-- Provided records follows --

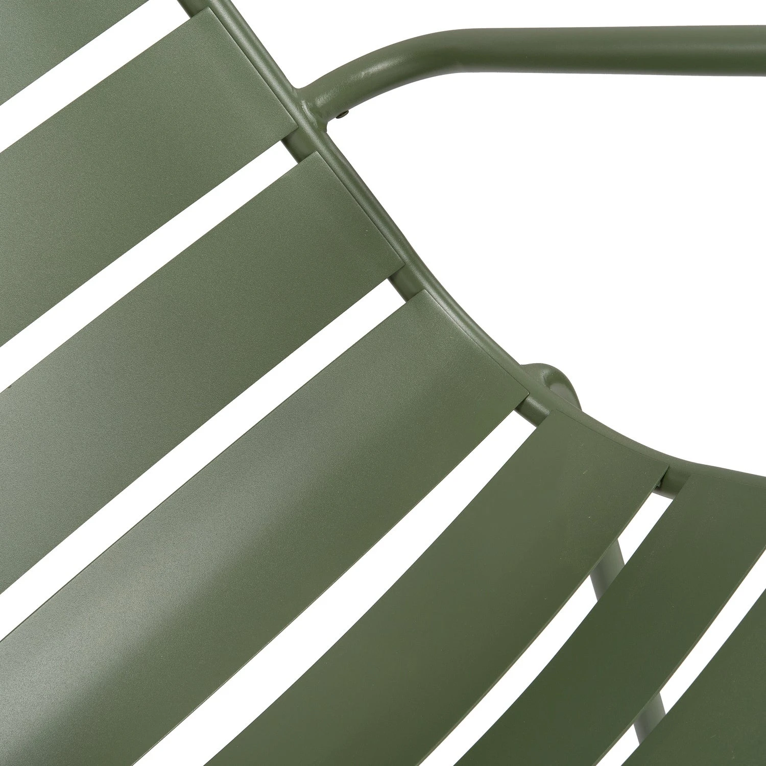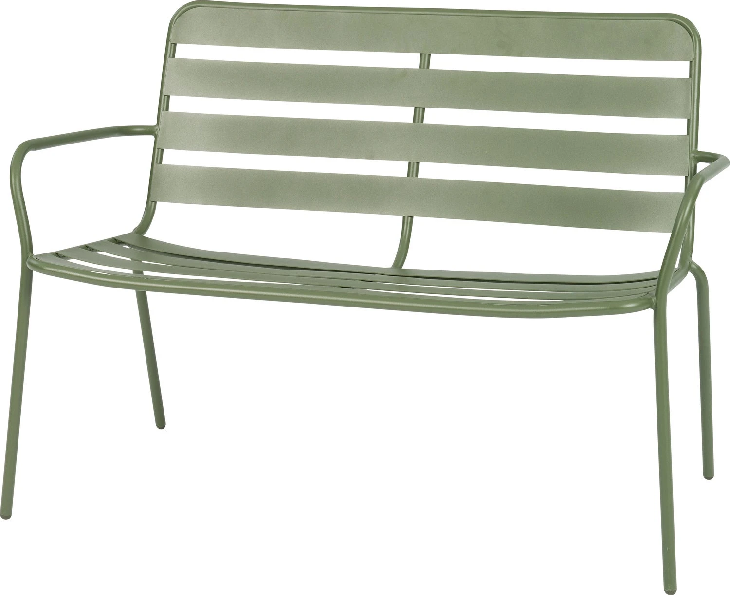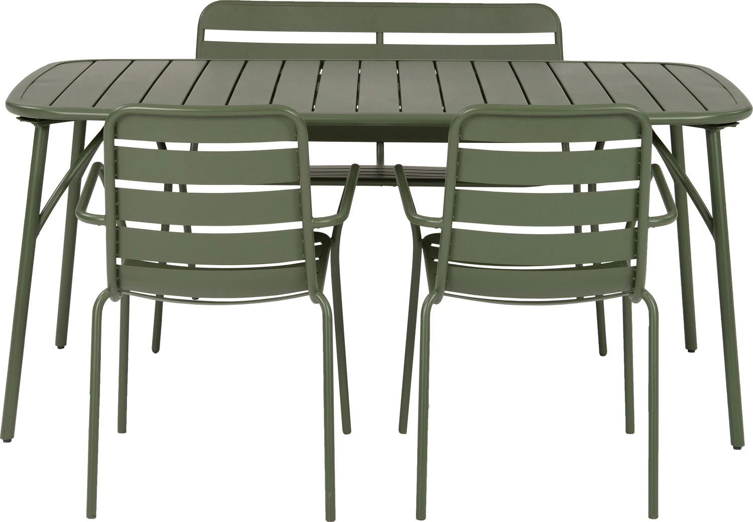 De tuinbank en tuinstoelen kenmerken zich door hun stoere stalen design en knusse formaat. De meubels zijn gemaakt van staal dat afgewerkt is met een beschermende poedercoating in stoer legergroen. Hierdoor zijn water en vuil gemakkelijk afneembaar. De meubels zijn licht in gewicht en dat maakt het bovendien gemakkelijk om te verplaatsen.
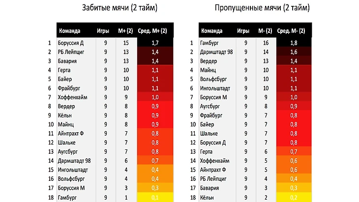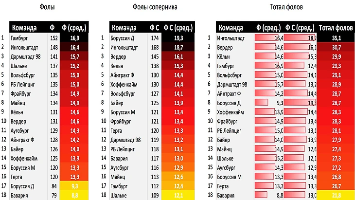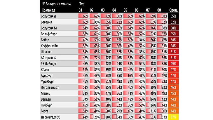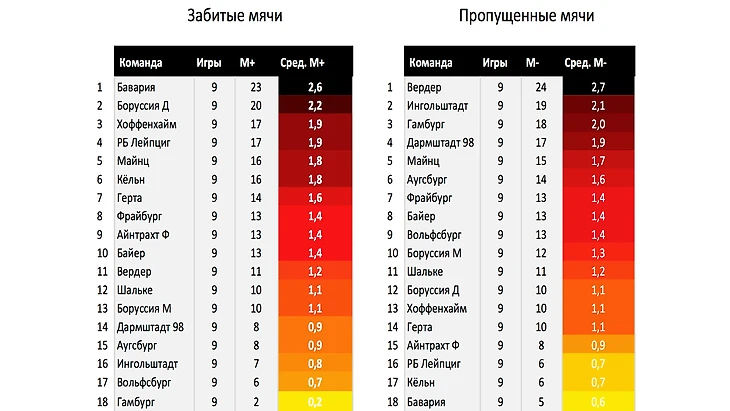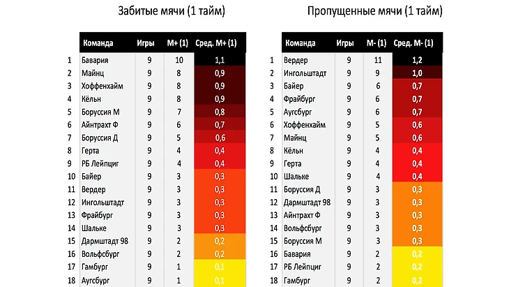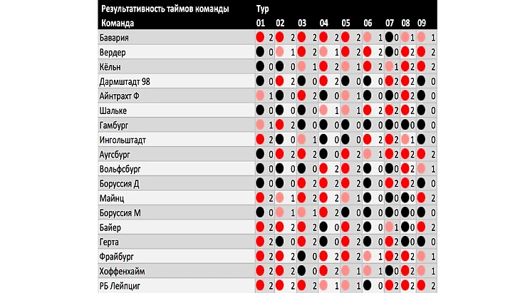 Оцифровка №28. Статистика команд Немецкой Бундеслиги перед 10 туром
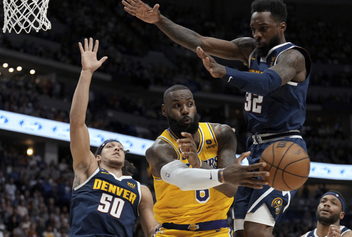 詹姆斯下场休息后掘金反扑追分,5分07秒詹姆斯重新上场,中投和三分都打铁,掘金继续缩小分差,湖人将近6分钟没有运动战进球,1分36秒詹姆斯突破上篮打破僵局,之后老詹助攻八村扣篮,半场打完湖人53-48领先5分。
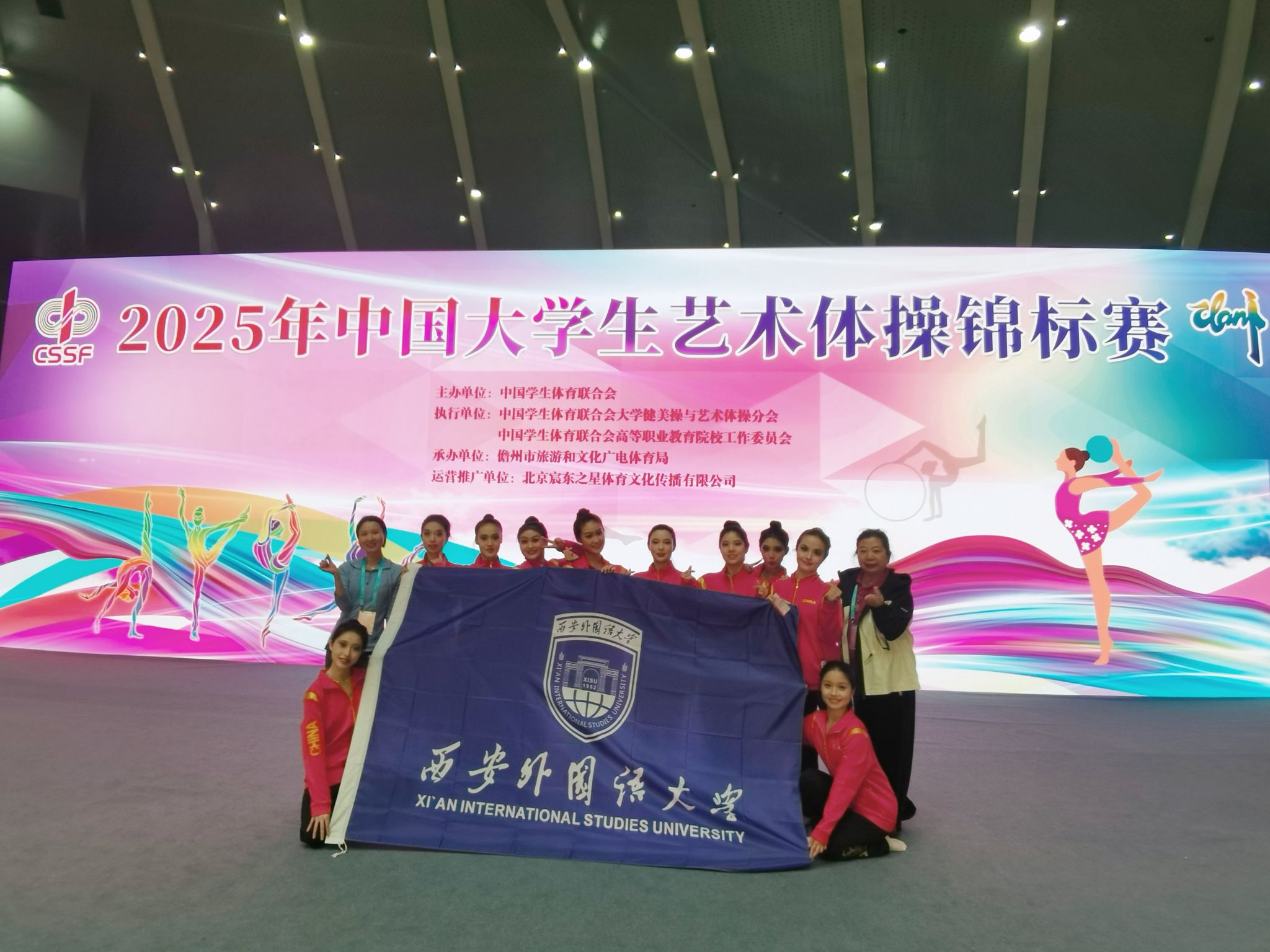 2025年11月15日至20日,在2025年中国大学生艺术体操锦标赛上,西安外国语大学艺术体操代表队凭借出色表现,在43所参赛高校中脱颖而出,以团体总分第五名的优异成绩实现突破,跻身全国高校第一梯队。
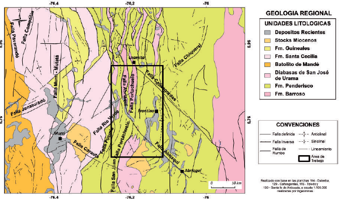 En la parte occidental se encuentra el Batolito de Mandé, un cuerpo plutónico elongado que hace parte de un magmatismo Paleoceno – Eoceno (Montes et al., 2012), y que puede constituir parte del bloque oriental del Bloque Panamá-Chocó (Duque-Caro, 1990) junto con rocas vulcanosedimentarias de la Formación Santa Cecilia y los sedimentos de la Formación Guineales de edades Cretácico-Paleoceno y Oligoceno, respectivamente (González y Londoño, 2003). Espesos depósitos recientes se concentran en los fondos de los valles, formando complejos sistemas de terrazas que cubren parcialmente el basamento y estructuras geológicas en la zona de estudio (González y Londoño, 2003).
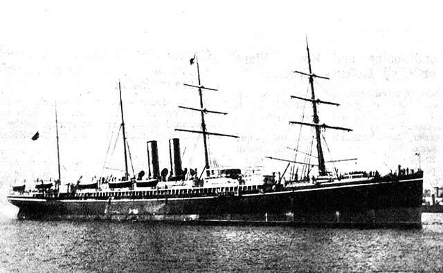 The S.S. Arcadia seen during her speed trails, note her still unpainted funnel top.
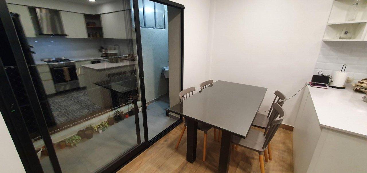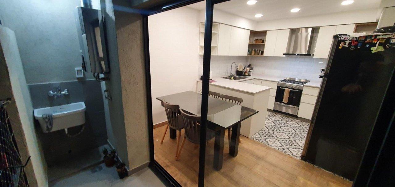 -Cocina / comedor: (4 X 3), altos y bajomesada y desayunador; piso porcelanato. Conexion lavarropas y lavavajilla.
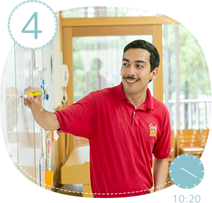 25分間の比較的短い間隔で1日に5コマの教育内容に取り組んでいます。
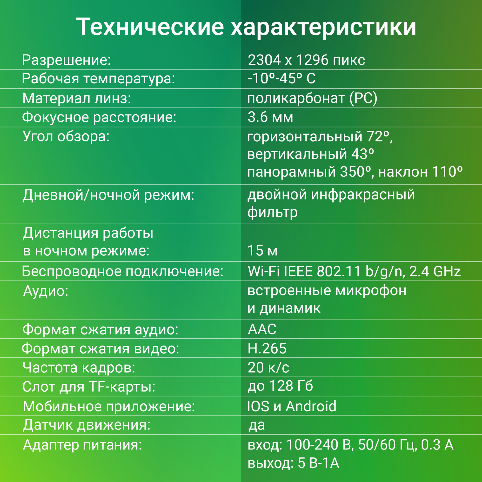 | Макс. разрешение видеокамеры | 2304х1296 |
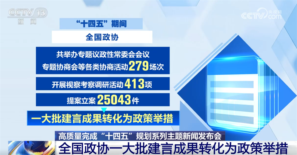 “十四五”期間,全國政協(xié)共舉辦專題議政性常委會會議、專題協(xié)商會等各類協(xié)商活動279場次,開展視察考察調(diào)研活動413項,提案立案25043件,一大批建言成果轉(zhuǎn)化為政策舉措。

-- Provided records concluded --

Work item — Pictures must be left out of the answer, which should be exactly the lines from the one holding "видеокамеры | 2304х1296 |" through the last line of the entries above, both included; please add nothing.

Finished task —
 | Макс. разрешение видеокамеры | 2304х1296 |
 “十四五”期間,全國政協(xié)共舉辦專題議政性常委會會議、專題協(xié)商會等各類協(xié)商活動279場次,開展視察考察調(diào)研活動413項,提案立案25043件,一大批建言成果轉(zhuǎn)化為政策舉措。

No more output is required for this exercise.